San Pedro, officially the City of San Pedro (), is a 1st class component city in the province of Laguna, Philippines. According to the 2020 census, it has a population of 326,001 people.

It is named after its patron saint, Saint Peter.

San Pedro has been dubbed as “dormitory town” of Metro Manila and migrants from other provinces commuting everyday through its highly efficient road and transport system. Despite being one of the smallest political units in the entire province, with a total land area of only 24.05 km2, San Pedro is the 5th most populous city (out of 6) after the cities of Calamba, Santa Rosa, Biñan and Cabuyao.

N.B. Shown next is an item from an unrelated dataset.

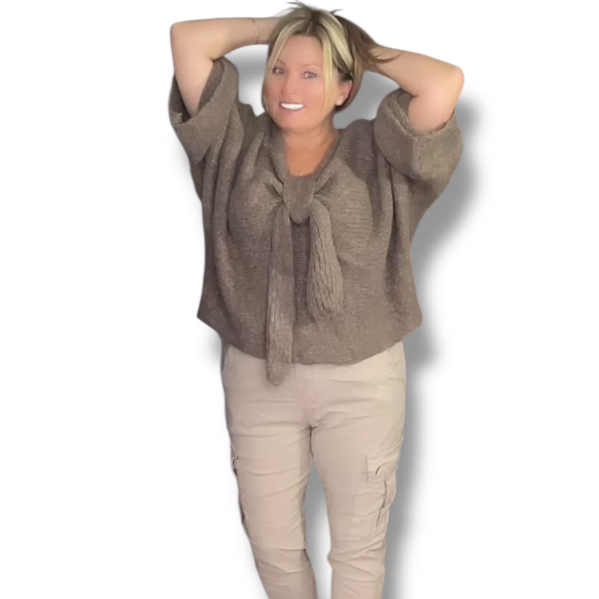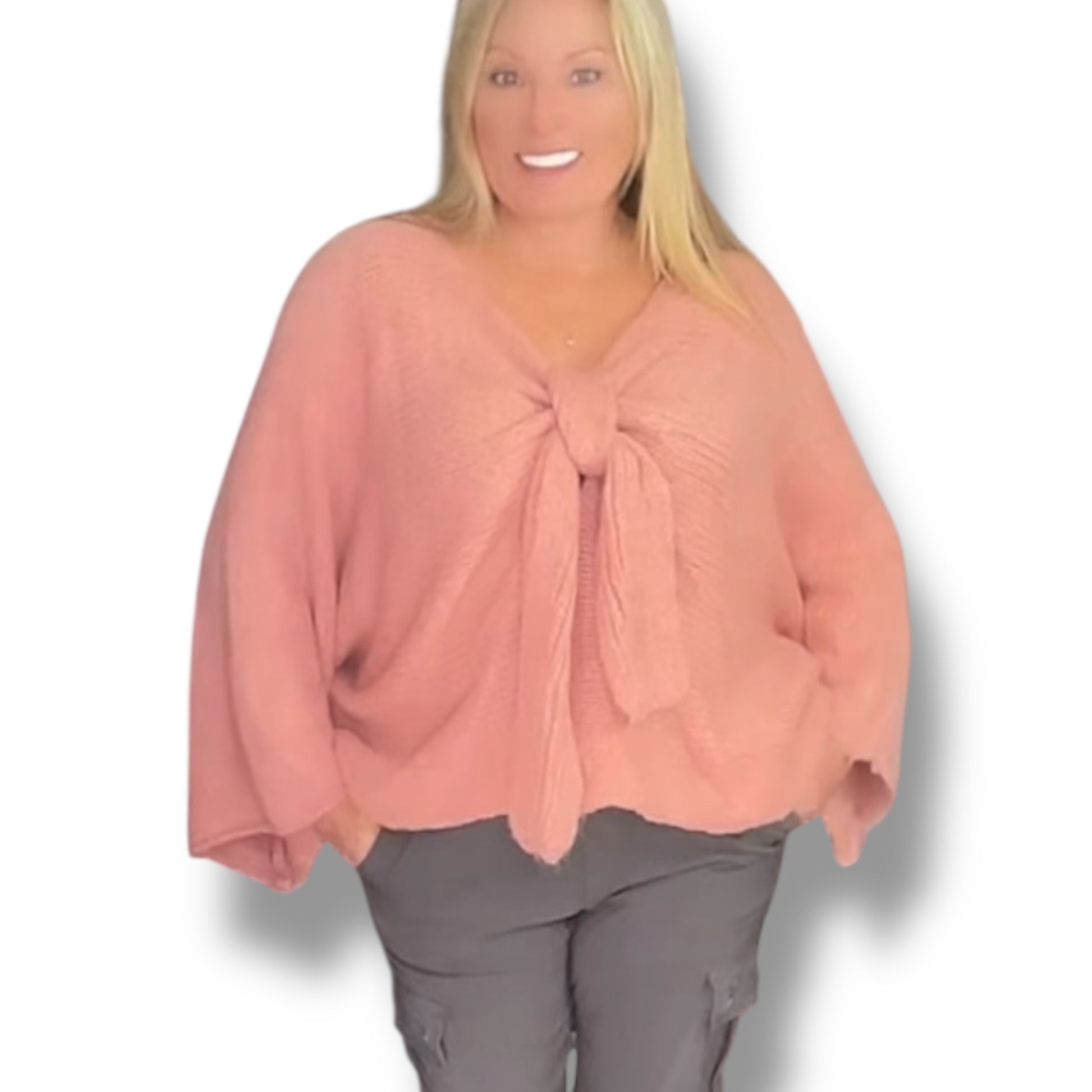 Get ready for some serious weekend vibes with our Bow Front Knitted Jumper (Andi). Made from the softest materials, this cozy jumper features a big bow on the front and long, wide sleeves for a playful and stylish look. Perfect for keeping warm and looking stylish, whether you're a size 8 or 18.

The city also has the highest population density in the province of Laguna and in the whole Calabarzon region, having 14,000 people/km2. As a first class municipality, it became a component city of Laguna by virtue of RA 10420 dated March 27, 2013.

History

Early History

The Area of where the modern city of San Pedro is found served as the native settlement of the Tagalogs centuries before Spanish contact. Laguna de Bay and the San Isidro River gave livelihood and food to the early settlers. The Laguna Copperplate Inscription dated back to 900 AD mentioning the ancient polity of Tondo was found on Lumban, Laguna giving the idea that the area of San Pedro which some independent Ancient Barangays headed by their own Datus are settled was under the influence if not directly under the alliance network of the Lakan of Tondo.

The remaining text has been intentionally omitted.